Recostado ao banco da praça nosso apaixonado viajante adormeceu acompanhando as luzes dos carros que passavam pela avenida e as pernas das meninas que desfilavam à caça de trabalho.

Madrugada alta, o policial cassetete em punho, exigia os documentos. Ainda sonolento, sem entender o que acontecia, levou uma estalada bofetada que lhe fez zumbir o ouvido. Foi jogado no “camburão” e gentilmente hospedado por três dias no xilindró de um distrito policial. Compartilhavam da mesma “suíte” um bêbado, um viciado em drogas e dois travestis que por sinal, se desmanchavam em favores na intenção de agradar o iniciante na vida da carceragem.

Terça-feira. Após um esbregue bem dado pelo delegado todos os hóspedes foram liberados.
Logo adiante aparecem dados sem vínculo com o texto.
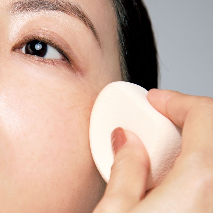 3.スポンジを縦に持ち、側面が肌に対して垂直に当たるようにタッピング。細かく叩き込むことでしっかりと毛穴を埋めつつ、下地を肌に均一に密着させます。

Um dos travestis, condoído com a situação do novo companheiro, emprestou dinheiro para que Sandoval pudesse retornar à sua distante Floreal, com a promessa de voltar rápido para visitar seus novos amigos.

O motorista aprumou-se no banco, conferiu o horário no relógio de pulso, girou a chave ligando o motor do ônibus e engatou a marcha... Antes que o veículo entrasse em movimento, Sandoval saltou pela janela qual um gato em chapa quente, correu pela multidão apinhada na plataforma e nunca mais foi visto. A grande dama de seus sonhos de infância o havia devorado por completo.